AIM OF THE EXERCISE
Reproduce the listing exactly, with no pictures in your copy.

RECORDS FOR THE EXERCISE

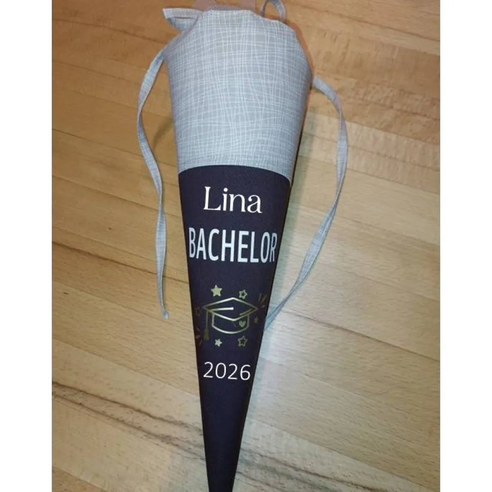 Angeboten wird eine kleine Schultüte mit einem passenden Spruch zum Abschluss des Studiums (Hier Bachelor)
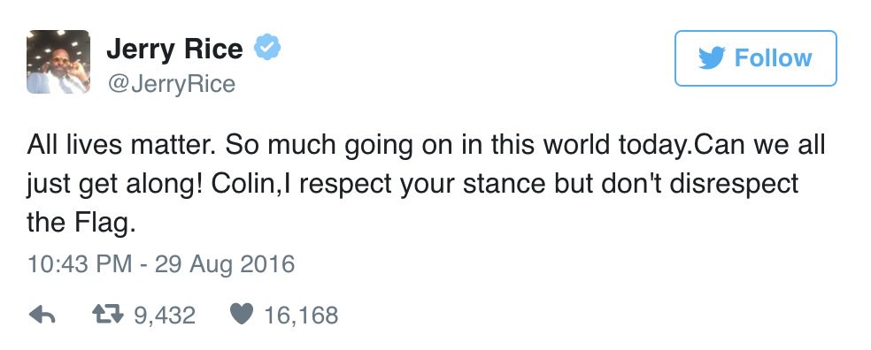 I applaud @JerryRice for taking a stand vs lunacy. There are better ways for Kaep to make a difference vs disrespecting the flag!!
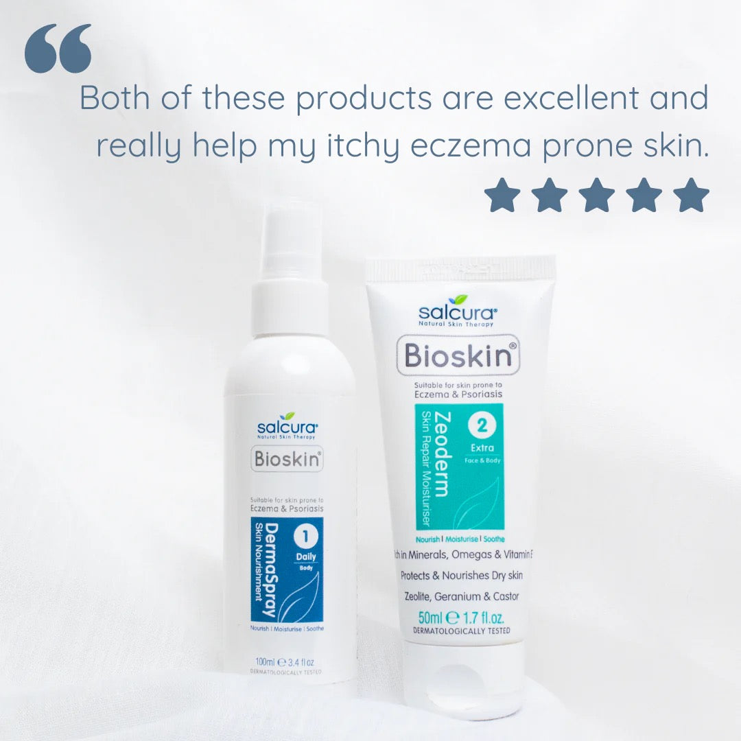 Experience our unique & award-winning 2-Step Spray-Cream Therapy System and try our Bioskin DermaSpray Intensive & Zeoderm Skin Repair Moisturiser now with our Bioskin Duo Pack!
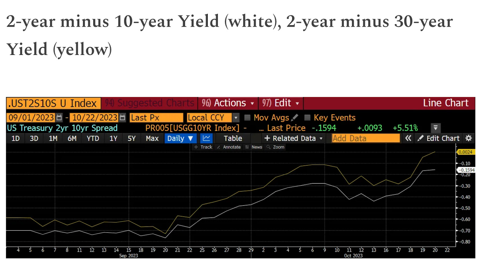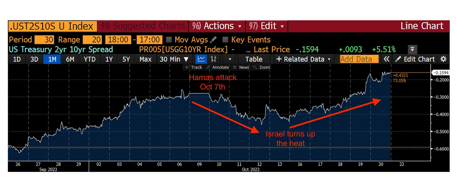 Arthur shares his view (original article) on the bear steepener and the Hamas terrorist attacks – specifically on how these will impact markets. I break down his essay into a summary of 4 parts:
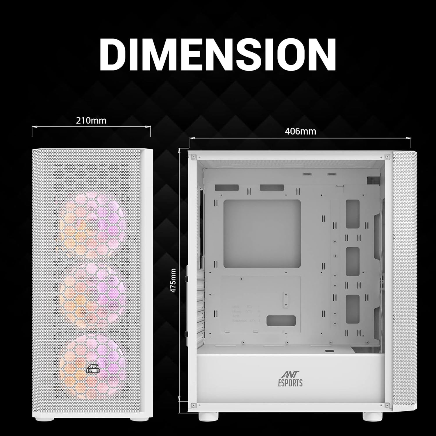 White, Mid-Tower, 406 x 210 x 475 mm
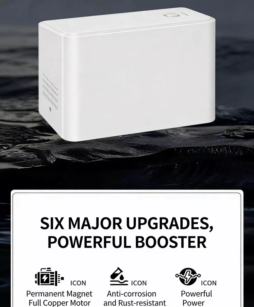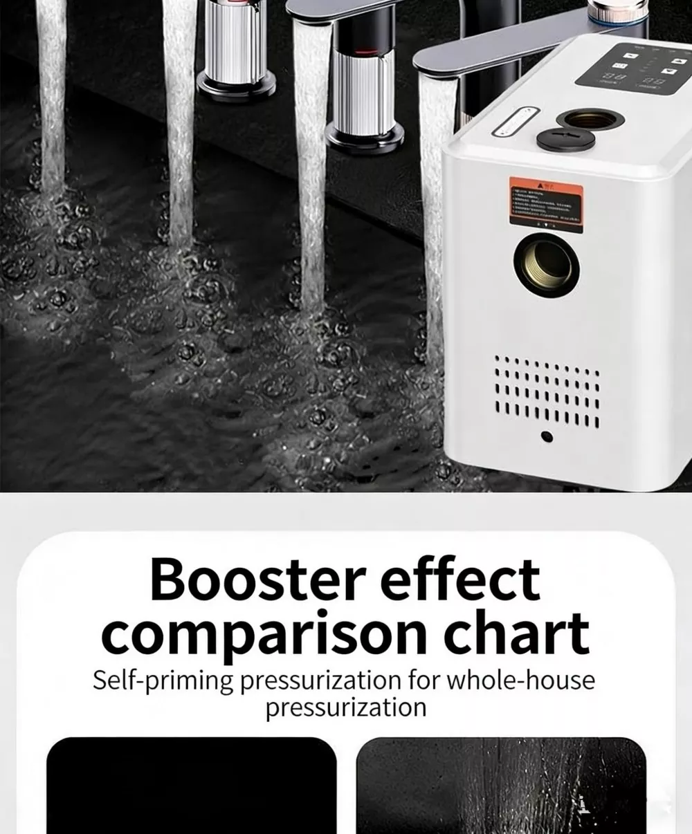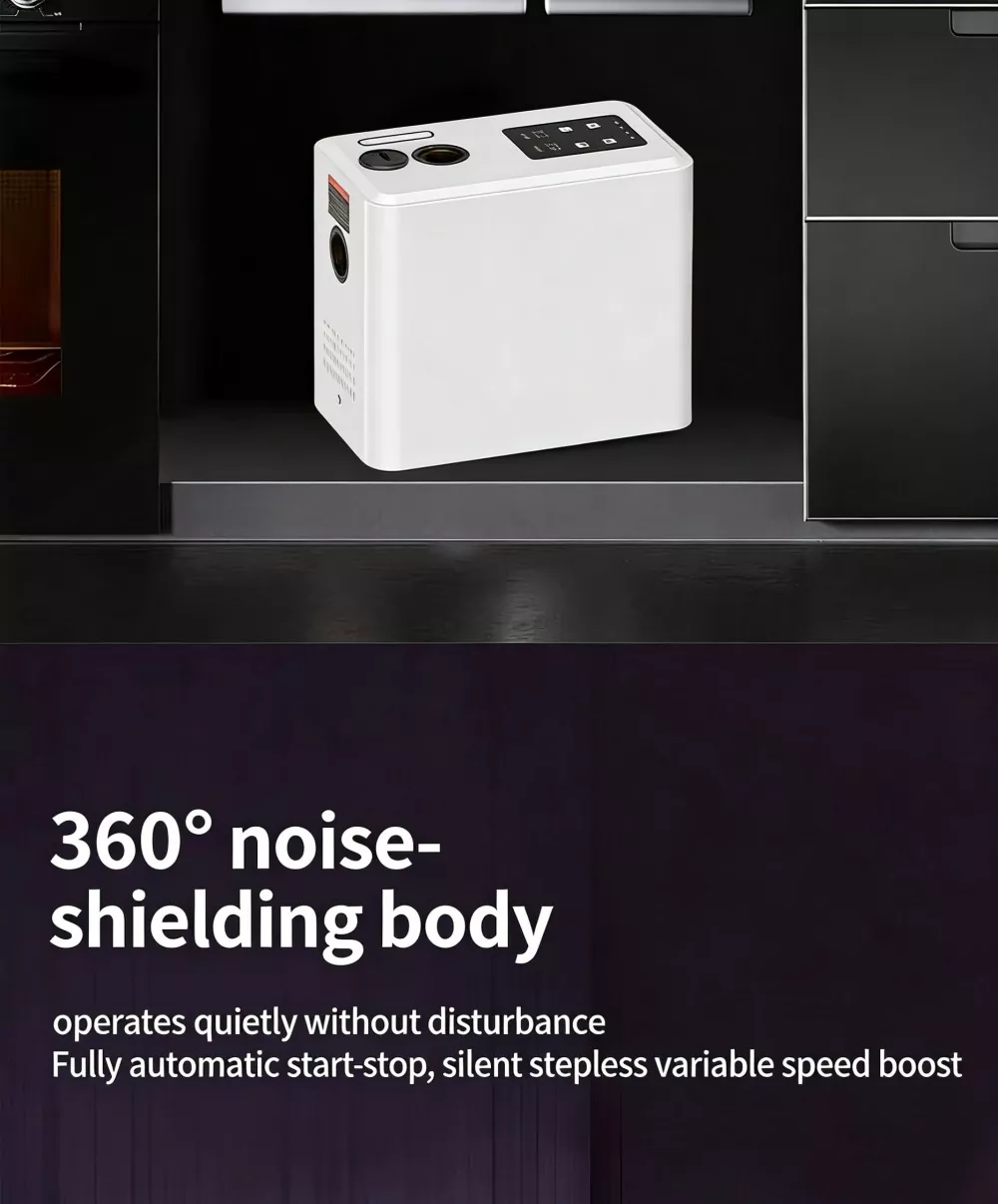 Hochgeschwindigkeitsmotor: Der eingebaute Hochgeschwindigkeitsmotor mit 6500 U/min sorgt für eine starke Leistung, liefert eine starke und stabile Wasserleistung bei großem Durchfluss und löst gründlich das Problem eines unzureichenden Wasserdrucks im Haushalt.

SOLUTION TO THIS EXERCISE
 Angeboten wird eine kleine Schultüte mit einem passenden Spruch zum Abschluss des Studiums (Hier Bachelor)
 I applaud @JerryRice for taking a stand vs lunacy. There are better ways for Kaep to make a difference vs disrespecting the flag!!
 Experience our unique & award-winning 2-Step Spray-Cream Therapy System and try our Bioskin DermaSpray Intensive & Zeoderm Skin Repair Moisturiser now with our Bioskin Duo Pack!
 Arthur shares his view (original article) on the bear steepener and the Hamas terrorist attacks – specifically on how these will impact markets. I break down his essay into a summary of 4 parts:
 White, Mid-Tower, 406 x 210 x 475 mm
 Hochgeschwindigkeitsmotor: Der eingebaute Hochgeschwindigkeitsmotor mit 6500 U/min sorgt für eine starke Leistung, liefert eine starke und stabile Wasserleistung bei großem Durchfluss und löst gründlich das Problem eines unzureichenden Wasserdrucks im Haushalt.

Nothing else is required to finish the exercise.